### PROMPT
Each line in the material below, starting at the one that contains "Gebruik de zoekbalk" and ending at the one that contains "自评选活动启动,我校党委高度", should be repeated exactly; the pictures should not.

### SOURCE RECORDS
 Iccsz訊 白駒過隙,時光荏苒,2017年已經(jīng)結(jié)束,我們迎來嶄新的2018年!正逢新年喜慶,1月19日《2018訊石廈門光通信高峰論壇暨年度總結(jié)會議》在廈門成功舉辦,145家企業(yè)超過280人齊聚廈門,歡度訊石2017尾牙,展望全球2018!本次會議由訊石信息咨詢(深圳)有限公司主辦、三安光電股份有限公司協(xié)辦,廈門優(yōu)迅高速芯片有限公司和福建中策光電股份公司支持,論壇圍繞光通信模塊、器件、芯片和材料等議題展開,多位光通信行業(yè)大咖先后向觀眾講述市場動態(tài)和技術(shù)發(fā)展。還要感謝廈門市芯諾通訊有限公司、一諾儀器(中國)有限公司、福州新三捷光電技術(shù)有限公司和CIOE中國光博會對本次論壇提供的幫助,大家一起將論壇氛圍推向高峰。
* * *
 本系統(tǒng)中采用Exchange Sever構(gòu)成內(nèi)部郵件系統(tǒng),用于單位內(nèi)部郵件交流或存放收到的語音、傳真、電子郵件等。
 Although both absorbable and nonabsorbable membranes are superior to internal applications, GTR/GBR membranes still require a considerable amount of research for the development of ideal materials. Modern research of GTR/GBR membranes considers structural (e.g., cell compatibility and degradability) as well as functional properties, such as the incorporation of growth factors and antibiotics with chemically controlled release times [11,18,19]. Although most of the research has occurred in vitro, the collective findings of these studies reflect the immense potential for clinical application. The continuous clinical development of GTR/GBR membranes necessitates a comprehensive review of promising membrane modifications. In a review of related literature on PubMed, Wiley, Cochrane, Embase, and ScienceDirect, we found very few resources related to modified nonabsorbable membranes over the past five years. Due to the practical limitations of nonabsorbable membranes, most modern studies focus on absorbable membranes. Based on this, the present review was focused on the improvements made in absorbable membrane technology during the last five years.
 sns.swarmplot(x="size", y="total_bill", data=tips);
* * *
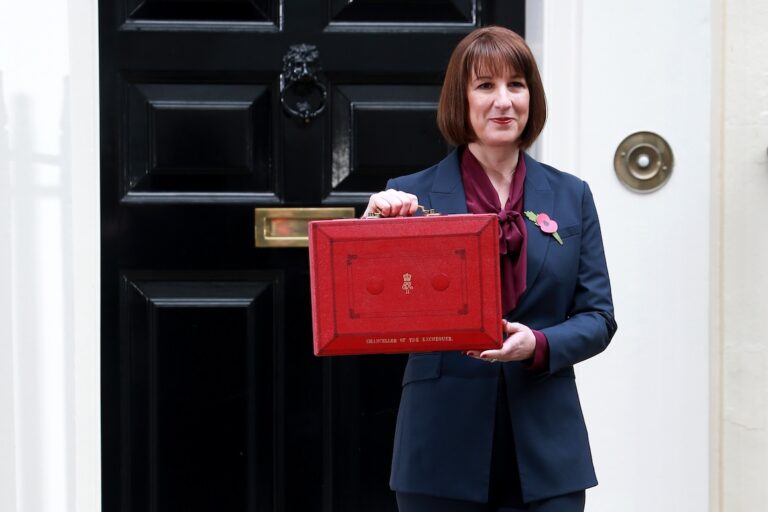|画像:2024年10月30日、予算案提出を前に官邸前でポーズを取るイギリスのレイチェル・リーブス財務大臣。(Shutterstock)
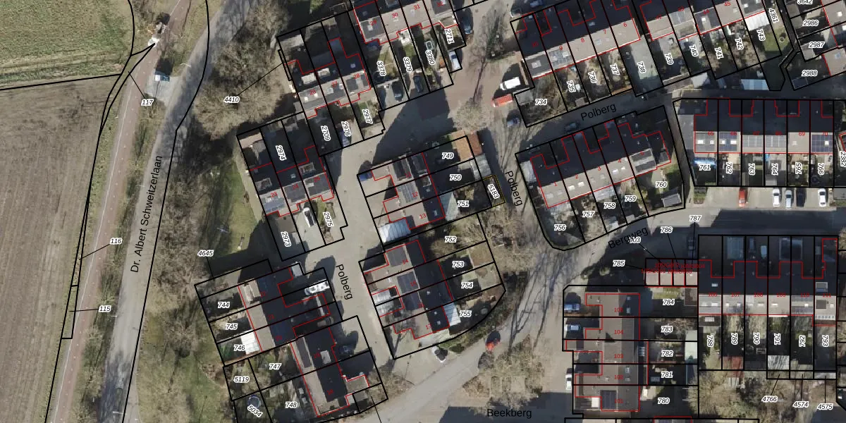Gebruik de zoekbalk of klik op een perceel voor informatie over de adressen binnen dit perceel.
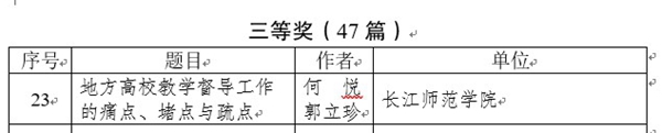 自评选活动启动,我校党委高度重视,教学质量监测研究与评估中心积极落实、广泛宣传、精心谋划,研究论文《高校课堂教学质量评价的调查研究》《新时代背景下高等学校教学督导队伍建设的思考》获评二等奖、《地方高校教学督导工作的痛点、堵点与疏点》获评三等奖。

### RESPONSE BELOW
Gebruik de zoekbalk of klik op een perceel voor informatie over de adressen binnen dit perceel.
 自评选活动启动,我校党委高度重视,教学质量监测研究与评估中心积极落实、广泛宣传、精心谋划,研究论文《高校课堂教学质量评价的调查研究》《新时代背景下高等学校教学督导队伍建设的思考》获评二等奖、《地方高校教学督导工作的痛点、堵点与疏点》获评三等奖。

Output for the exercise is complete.